Association of Christian Librarians
- Abbreviation: ACL
- Formation: 1957
- Purpose: "The mission of the Association of Christian Librarians is to strengthen libraries through professional development of evangelical librarians, scholarship, and spiritual encouragement for service in higher education."
- Headquarters: Cedarville, Ohio
- Membership: 650+ (2024)
- President: Jeremy Labosier (2023-2026)
- Executive Director: Janelle Mazelin
- Website: http://www.acl.org

= Association of Christian Librarians =

Membership association of professional Christian librarians

The Association of Christian Librarians (ACL) is a non-profit, professional organization of librarians whose members are evangelical Christians. The stated mission of the organization is to “strengthen libraries through professional development of evangelical librarians, scholarship, and spiritual encouragement for service in higher education.” ACL holds a national conference each year hosted by one of its member institutions.

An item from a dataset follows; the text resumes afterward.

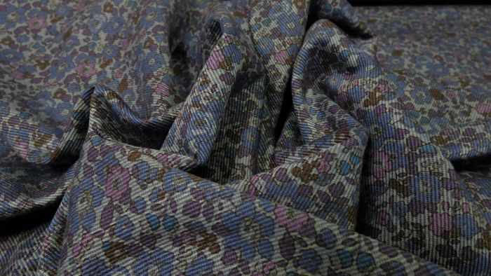 An Ex-London Designer Ditsy Floral Print In Soft Blue And Purple Tones
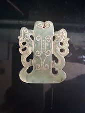 Vintage Chinese Nephrite Good Luck Charm. This antique green nephrite charm originates from China and is post-1940 in age. The unit quantity is one, with the maker being unknown. This unit is a unique addition to any collection of Asian antiques, with its traditional design symbolizing good luck. Perfect for collectors or those seeking a touch of Eastern culture in their home décor.

ACL also publishes The Christian Librarian and the Christian Periodical Index, an index of articles and reviews written from an evangelical point of view labeled as "the leading guide to periodical literature from the evangelical perspective" by the Encyclopedia of Library and Information Sciences.

==History==
The organization began in 1957 as the Christian Librarians' Fellowship, with seventeen initial members, and has grown slowly over the course of its history. In 1993 it had roughly 300 members, and as of 2024 ACL's membership had grown to over 650 members from 432 unique institutions with 23 countries represented.

==Membership==

Membership requires profession of the Christian faith as outlined by the association's statement of faith. Associate memberships are available for non-librarians who both agree with the ACL's statement of faith and are interested in libraries or librarianship.

The ACL provides over $20,000 annually in grants to members and their institutions for conference travel and improvement projects.